Windsor v. Coggeshall

This is an appeal from an interlocutory decree which orders the respondents to take up and remove a certain fish trap and restrains them from erecting and maintaining said fish trap in a certain area described in the bill of complaint.

Chapter 1167 of Public Laws, 1928, makes it unlawful for any person, without first obtaining a license, to erect or maintain any fish trap within certain limits defined in the act. The harbor commissioners are authorized to issue licenses to persons desiring to erect or maintain fish traps under certain conditions defined in said act.

It is admitted that the respondents have erected a fish trap within the area defined in the act without first obtaining a license so to do. The respondents contend that by virtue of Section 17 of Article I of the Constitution of the State, the General Assembly is without power to limit or restrict their rights to fish in the public waters of the State. Said section 17 reads as follows: "The people shall continue to enjoy and freely exercise all the rights of fishery, and the privileges of the shore, to which they have been heretofore entitled under the charter and usages of this State. But *Page 39 no new right is intended to be granted, nor any existing right impaired, by this declaration."

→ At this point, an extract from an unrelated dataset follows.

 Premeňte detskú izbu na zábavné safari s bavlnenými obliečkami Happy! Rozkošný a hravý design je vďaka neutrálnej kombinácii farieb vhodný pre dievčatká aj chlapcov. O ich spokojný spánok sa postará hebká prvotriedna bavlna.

The interpretation which has uniformly been given to said section is that given it in State v. Cozzens, 2 R.I. 561, decided in 1850, where the court, speaking through GREENE, C.J., said: "We are of the opinion that the Declaration of Rights and Privileges, contained in the seventeenth section of the first article of the Constitution, was intended to be carried into effect to secure to the whole people the benefit of the constitutional declaration, and being necessary for that purpose."

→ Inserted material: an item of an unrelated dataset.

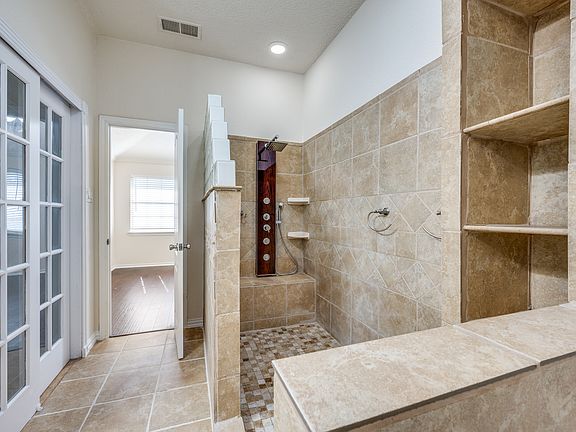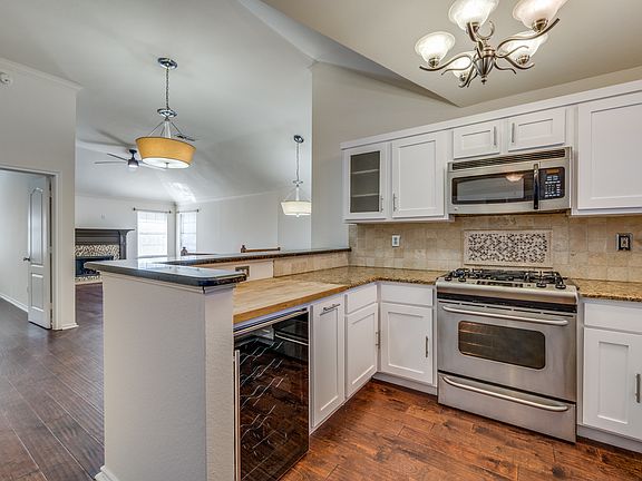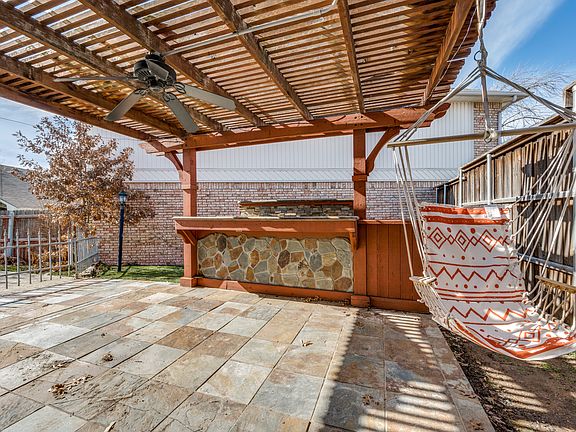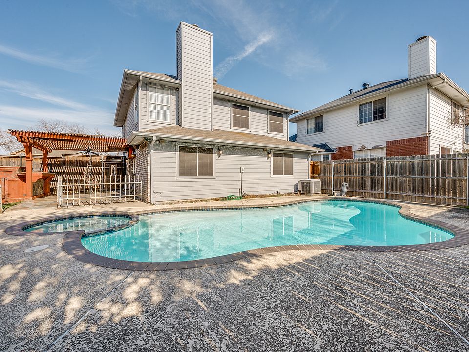 Split Level Home with Pool that is Move In Ready! New Paint & New Flooring! FRIDGE, WASHER, DRYER INCLUDED! This 3-bedroom, 2-bath home offers an incredible blend of style, functionality, and luxury. From the moment you step into the dramatic two-story entryway with a custom fireplace, you'll feel right at home. Boasting Engineered floors throughout, vaulted ceilings, and upgraded light fixtures, this home is packed with features you'll love. The open kitchen is a chef's dream, complete with granite countertops, stainless steel appliances, a wine fridge, and a custom-built pantry. The breakfast area offers built-in storage. The spacious master suite overlooks the pool, & includes a walk-in stone shower, his-and-her closets, and granite counters with designer glass bowl sinks. Entertain effortlessly in the two living areas one upstairs and one downstairs perfect for guests, in-laws, or teenagers. The second living offers direct access to the backyard. Step outside to the covered pergola featuring a concrete bar, perfect for hosting gatherings. The sparkling pool and spa provide a tranquil escape, while the pet-friendly artificial turf adds charm and ease of maintenance. Conveniently located near George Bush Turnpike, shopping, dining, and entertainment, this home truly has it all! Pool and Spa is not Heated. Apply Online, 55.00 APP fee per adult, Sec Deposit, and 125 one time lease admin fee due at signing. Owner requires monthly pool service to be maintained for 225.00 a month.

In Payne Butler v. Providence Gas Co., 31 R.I. 295, the court at page 327 — after citing with approval State v.Cozzens, supra, — said: "Therefore the whole subject of fisheries, floating and shell-fish, and all kinds of shell-fish, whether oysters, clams, quahaugs, mussels, scallops, lobsters, crabs, or fiddlers, or however they may be known and designated and wherever situate within the public domain of the State of Rhode Island, are under the fostering care of the General Assembly. It is for the legislature to make such laws, regulating and governing the subject of lobster-culture, oyster-culture, clam-culture, or any other kind of pisci-culture, as they may deem expedient. They may regulate the public or private fisheries. They may even prohibit free fishing for a time and for such times as in their judgment it is for the best interest of the State so to do. They may withhold from the public use such natural oyster beds, clam beds, scallop beds or other fish, and generally they have complete dominion over fisheries and fish as well as all kinds of game. We find no limitation, in the constitution of the power of the General Assembly to legislate in this regard, and they may delegate the administration of their regulations to such officers or boards as they may see fit." See also State v. Kofines, 33 R.I. 211. These cases leave the power of the General Assembly to regulate the *Page 40 fisheries in the public waters of the State no longer open to question.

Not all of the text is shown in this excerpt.